Sopa De Elote (Mexican Corn Soup) - cooking recipe

Ingredients
    1 poblano chiles or 1 green bell pepper
    1 medium onion, quartered
    2 garlic cloves
    2 cups corn kernels, fresh (or frozen and thawed)
    6 sprigs epazote, fresh (or dried)
    1 bay leaf
    4 cups chicken broth
    3 tablespoons cilantro, chopped
    salt
    pepper
    1 -2 tablespoon pure chile powder
    1 lime, cut into 4 wedges
Preparation
    Place a comal (Mexican griddle used for cooking tortillas) or a cast iron skillet over medium-high heat. Add the pepper, onions and garlic. Roast turning occasionally, until nicely browned.
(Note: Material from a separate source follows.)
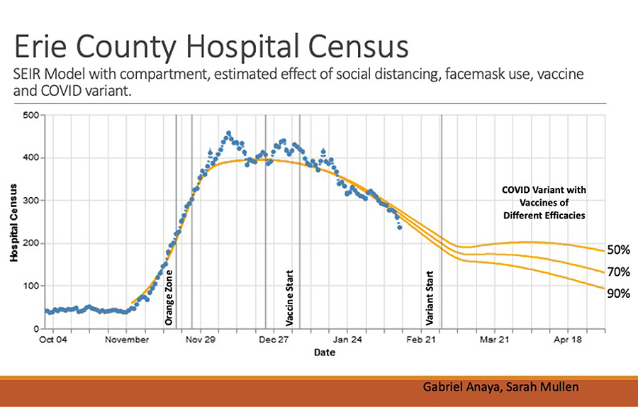 The UB team has been doing presentations for the Erie County Department of Health on local transmission of the virus since last March. The team began with the the classic Susceptible-Exposed-Infected-Recovered (SEIR) epidemiological models and has continually revised them based on changes in the rates of transmission and factors affecting transmission.

    As they brown, transfer to a plate to cool. The garlic will take 3-4 minutes and the pepper and onions will take 6-8 minutes.
    Using plastic gloves, scrape as much skin off the pepper as you can.
    Finely chop the pepper, onions and garlic.
    In a large saucepan over medium heat, combine the peppers, onions, garlic, corn 2 sprigs of epazote, the bay leaf and stock or broth. Bring to a simmer.
    Reduce the heat to medium-low and gently simmer for 8-10 minutes, or until the corn is soft. Remove and discard the bay leaf.
    Puree the soup in a blender; return it to the pan. Stir in the cilantro and cook for 1 minute. Season with salt and pepper.
    Ladle the soup into serving bowls and garnish each with a sprig or sprinkling of epazote and a sprinkling of chili powder.
    Serve each with a lime wedge for squeezing into the soup.